With wet hands, perform a stretch and fold: grab one side of the dough, stretch it upward, and fold it over the top. Rotate the bowl 90° and repeat — 4 folds per set. Do this 3 times, every 15 minutes. Between each set, the dough will become smoother, more elastic, and easier to handle. This replaces kneading for high-hydration doughs.

3

First Rise — 1 Hour

After your 3rd fold, cover the bowl tightly and leave the dough to rise at room temperature for 45–60 minutes, until clearly puffed and bubbly. You can also refrigerate the dough overnight at this point (up to 18 hours) for a more flavourful focaccia. If refrigerating, take it out 1 hour before baking to take the chill off.

4

Pan and Second Rise

Pour the 50ml of olive oil into your baking pan and coat the base and sides generously. Tip the dough into the oiled pan — don't deflate it or punch it down. With oiled hands, gently push and coax the dough toward the edges of the pan. It may spring back — that's fine. Leave it to rest 10 more minutes, then gently stretch again. Cover loosely and leave to proof for another 45–60 minutes until puffy and filling the pan.

5

Dimple, Top, and Bake

Preheat your oven to 230°C (fan 210°C). When the dough is visibly puffed, drizzle another 2 tablespoons of olive oil over the top. Now press your fingers firmly into the dough all over, creating deep dimples — go all the way down to the base of the pan. This is the most satisfying step. The dimples hold pools of olive oil during baking, creating those characteristic golden craters.

Immediately push rosemary sprigs into the dimples and scatter flaky sea salt generously. Bake at 230°C for 22–25 minutes until the top is golden brown and the edges are pulling away from the sides. The bottom should be deeply golden — lift a corner to check.

6

Cool and Slice

Remove from the oven and let it sit in the pan for 5 minutes, then transfer to a wire rack. If you can hear it sizzling, that's the bottom crust crisping even further — perfect. Slice into squares or rectangles and serve warm. Outstanding alongside soup, as a sandwich base, or simply dipped in more olive oil with balsamic vinegar.

Topping Variations

Focaccia is endlessly versatile.

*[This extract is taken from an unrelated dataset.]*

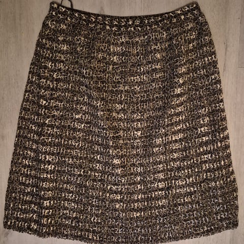 Ranskalainen musta pitkä hame timantti ja metalli koristein. Koristeet ympäri hameen. Helma kellotettu. Lapussa teksti: Modele Depose Fabrique en France. Joustava vyötärö. Vyötärömitta sängyllä mitattuna 41cm (- 48cm) x 2 ja pituus 97cm.

Once you master the base, try these toppings instead of (or alongside) rosemary:

  • Olives and sun-dried tomatoes — press them into the dimples before baking
  • Caramelised onions and thyme — spread on top just before baking
  • Potato and red onion — thinly sliced and layered on top with a drizzle of oil
  • Cheese pull-apart — deeply dimple and press cubes of mozzarella into each hole
  • Everything bagel seasoning — after the olive oil drizzle, sprinkle the blend liberally

Pro Tips

  • Don't be shy with the oil. 50ml for the pan sounds like a lot. It's correct. That's what creates the fried base.
  • Wet hands, always. Dip your hands in water before every touch. Dry hands tear this dough apart.
  • Overnight = better flavour. Refrigerating the dough overnight after the first fold set produces a substantially more complex, slightly tangy focaccia.
  • Hot oven is non-negotiable. Low temperatures = pale, doughy focaccia. It needs 230°C minimum.

Storage

Focaccia is best the day it's made. It stays good for 2 days in an airtight container at room temperature. Reheat in a 200°C oven for 5 minutes to revive the crust. It also freezes beautifully — slice before freezing and toast directly from frozen.